▶ _EXERCISE DATA_
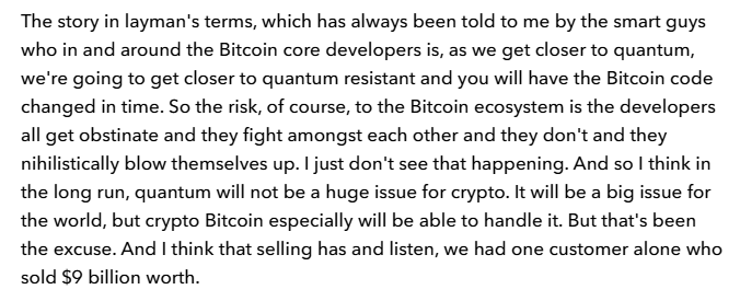 Novo在剛才的財報電話會議上暗示,Galaxy的一位客戶出售了價值90億美元的比特幣,至少部分原因是量子計算。 twitter.com/nic_carter/status/...
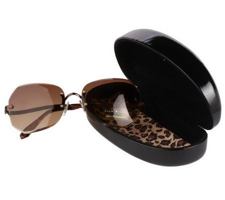 Idol eyes. Star style begins with these sunglasses, fabulously fashioned with metal arms and frameless, diamond-cut lenses with beveled edges. From the Joan Rivers Classics Collection(R).
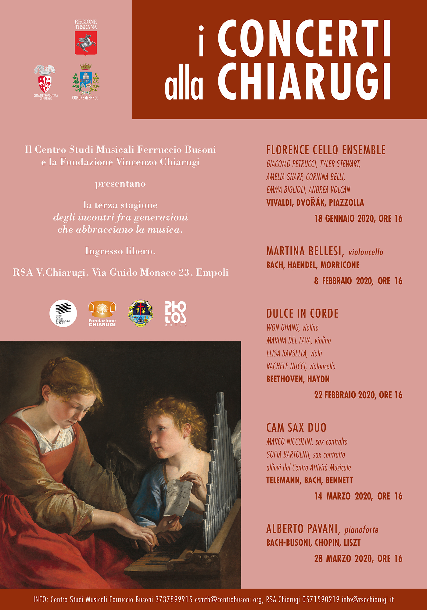 Tornano gli appuntamenti con la bella musica alla Fondazione Vincenzo Chiarugi della Misericordia di Empoli con la terza edizione de “I Concerti alla Chiarugi”, la manifestazione musicale organizzata in collaborazione con il Centro Studi Musicali Ferruccio Busoni e l’Associazione Photos Onlus.

▶ _WORK INSTRUCTIONS_
Only the words belong in your copy: restate the data above exactly and leave the images out.

▶ _ANSWER FOR THE TASK_
 Novo在剛才的財報電話會議上暗示,Galaxy的一位客戶出售了價值90億美元的比特幣,至少部分原因是量子計算。 twitter.com/nic_carter/status/...
 Idol eyes. Star style begins with these sunglasses, fabulously fashioned with metal arms and frameless, diamond-cut lenses with beveled edges. From the Joan Rivers Classics Collection(R).
 Tornano gli appuntamenti con la bella musica alla Fondazione Vincenzo Chiarugi della Misericordia di Empoli con la terza edizione de “I Concerti alla Chiarugi”, la manifestazione musicale organizzata in collaborazione con il Centro Studi Musicali Ferruccio Busoni e l’Associazione Photos Onlus.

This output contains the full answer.